>>your f is _not_ non-degenerate. In the notation used there we have >>f_1(s)(s) = 0, hence f_1 is not an isomorphism. >There is a difference between "f_1(s)(s) = 0" and "f_1(s) = 0". >Check the determinant, then note "If V is finite-dimensional then, >relative to some basis for V, a bilinear form is degenerate if and >only if the determinant of the associated matrix is zero ? if and >only if the matrix is singular, and accordingly degenerate forms are >also called singular forms. Likewise, a nondegenerate form is one >for which the associated matrix is non-singular, and accordingly >nondegenerate forms are also referred to as non-singular forms. >These statements are independent of the chosen basis."
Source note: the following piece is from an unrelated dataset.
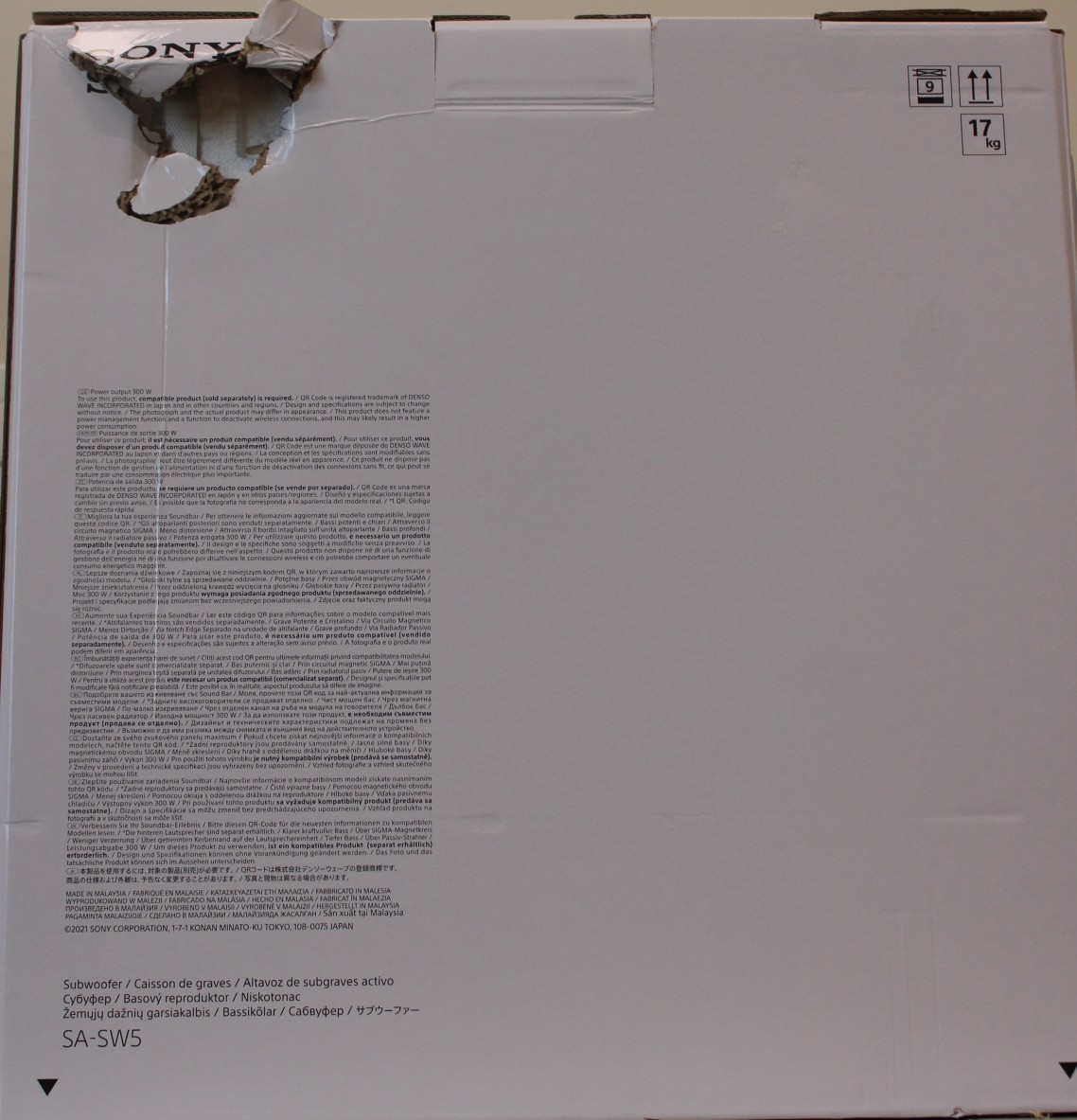 SALE OUT. Sony SA-SW5 Wireless 300W Subwoofer for HT-A9/A7000 | Sony Speaker | Subwoofer for HT-A9/A7000 | DAMAGED PACKAGING | 300 W | Black | 2 Ω | Portable | Wireless connection

A relevant quote from the article you cited would be "If V is finite-dimensional then the rank of B1 is equal to the rank of B2. If this number is equal to dim(V) then B1 and B2 are linear isomorphisms from V to V*. In this case B is nondegenerate. By the rank-nullity theorem, this is equivalent to the condition that the left and equivalently right radicals be trivial. In fact, for finite dimensional spaces, this is often taken as the definition of nondegeneracy:
Definition: B is nondegenerate if and only if B(v, w) = 0 for all w implies v = 0."
>BTW, I only see "f"; where do you see "f_1".
Looking at the correct article, I see a B_1:V->V* but not an f_1.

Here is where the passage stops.